A couple papers on RKBExplorer:
- RKBExplorer- Application and Infrastructure.pdf
- RKBExplorer- Repositories, Linked Data and Research Support.pptx
- Vlado asked what repository was used for test loading of BM museum data and performance testing; whether they have evaluated various triple-stores (the report only had a title page)
- Dominic replied: test load is in 3Store (using RKBexplorer); uploaded the full eval report
- reviews available RDF stores and their applicability to ResearchSpace.

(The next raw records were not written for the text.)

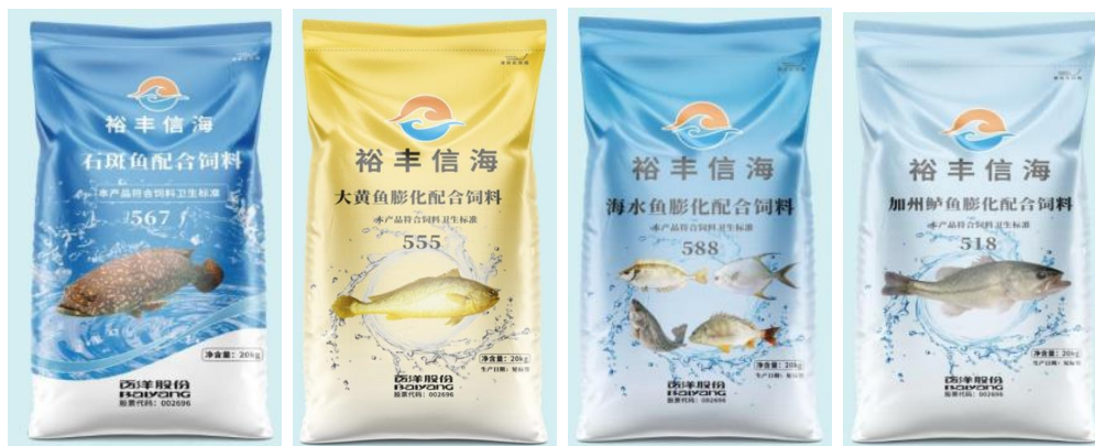
“裕丰信海”品牌部分特水料产品

公司饲料业务板块包括百洋产业投资集团股份有限公司饲料分公司、广西百跃农牧发展有限公司、海南百洋饲料有限公司、佛山百洋饲料有限公司等大型饲料生产企业。公司业务围绕水产养殖过程中需要的产品和服务展开，覆盖各类产品的研发、设计、生产、销售、服务等全部业务环节。公司严格按照ISO9001:2008质量管理体系和美国BAP认证体系，对所有生产流程、管理流程实行标准化、规范化和专业化管理。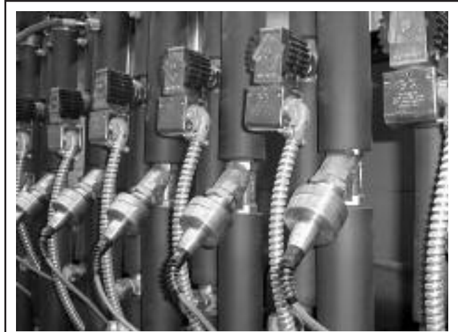
Aunque los controladores de temperatura en mostradores fueron los primeros en el mercado, controladores RACK están aumentando en popularidad debido a su menor costo y habilidad de controlar múltiples válvulas.

Para información adicional, contacte a Sporlan, Division of Parker Hannifin o a su distribuidor local o refiérase a los boletines de productos de la serie -100.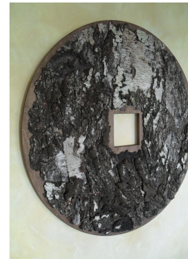
Dreidimensionales Naturelement als Tastparcours. Z.B 100 cm x 100 cm. Bestückt mit Birkenrinde. Ab 364,00 Euro.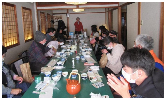
今年の会食は「お寿司」(福田寿司)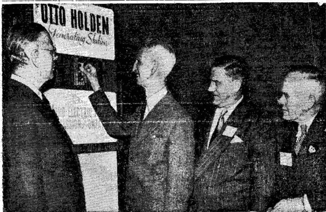
Ant Ottawa upės, ties La Cave, neseniai buvo atidaryta nauja hidroelektrinė, kainavusi $60,000,000. Šioj nuotraukoj matote ceremonijas laike atidarymo elektrinės.

Jei Norite Žinoti, Kas Tikrai Dedasi Pasaulį, Skaitykit Liaudies Balsą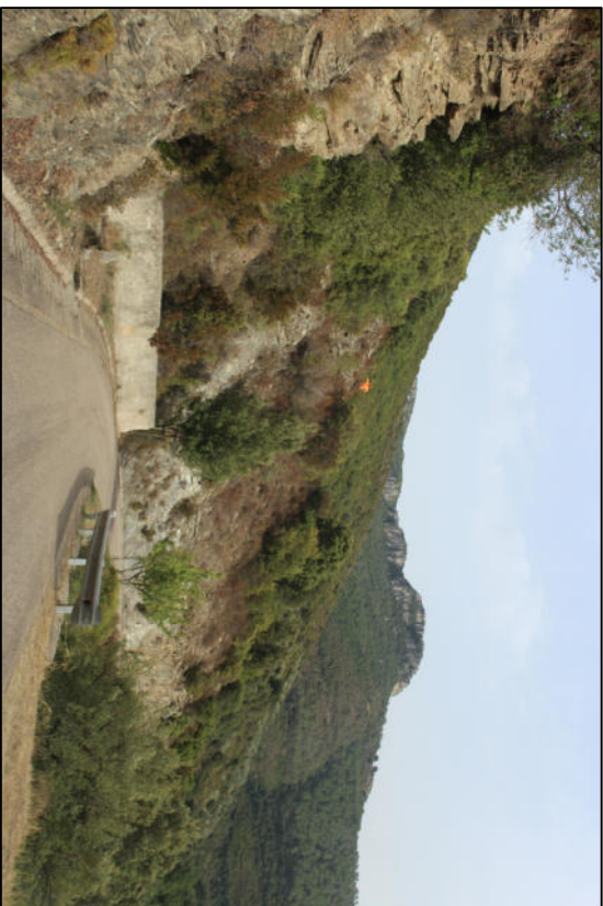
Foto n. 3. Intervento 1A. Prosecuzione e Realizzazione muro di sottoscarpa

- by Manuel Salvadores (and/or Hugh Glaser?) of University of Southampton, for Seme4, for British Museum
- Dated 26.1.2011
- Long list: 4store, BigData, BigOWLIM, Talis platform (hosted repository), Oracle, Allegro Graph, Jena TDB, Mulgara
- Short list: determined on p.10 based on "priorities: (1) standards (2) supported architectures (3) Projects and (4) performance. Supporting SPARQL 1.0 and part of SPARQL 1.1 is the highest priority. After this, we consider supported architectures. The other two aspects most valued in this ranking are the numbers of Semantic Projects where it has been used, and performance.
- "According to this Virtuoso and 4store are considered the main candidates that are going to be evaluated in Section 5."
- "two other solutions are also potential candidates that could be taken into account in a more exhaustive evaluation, these are: Jena/TDB and BigData"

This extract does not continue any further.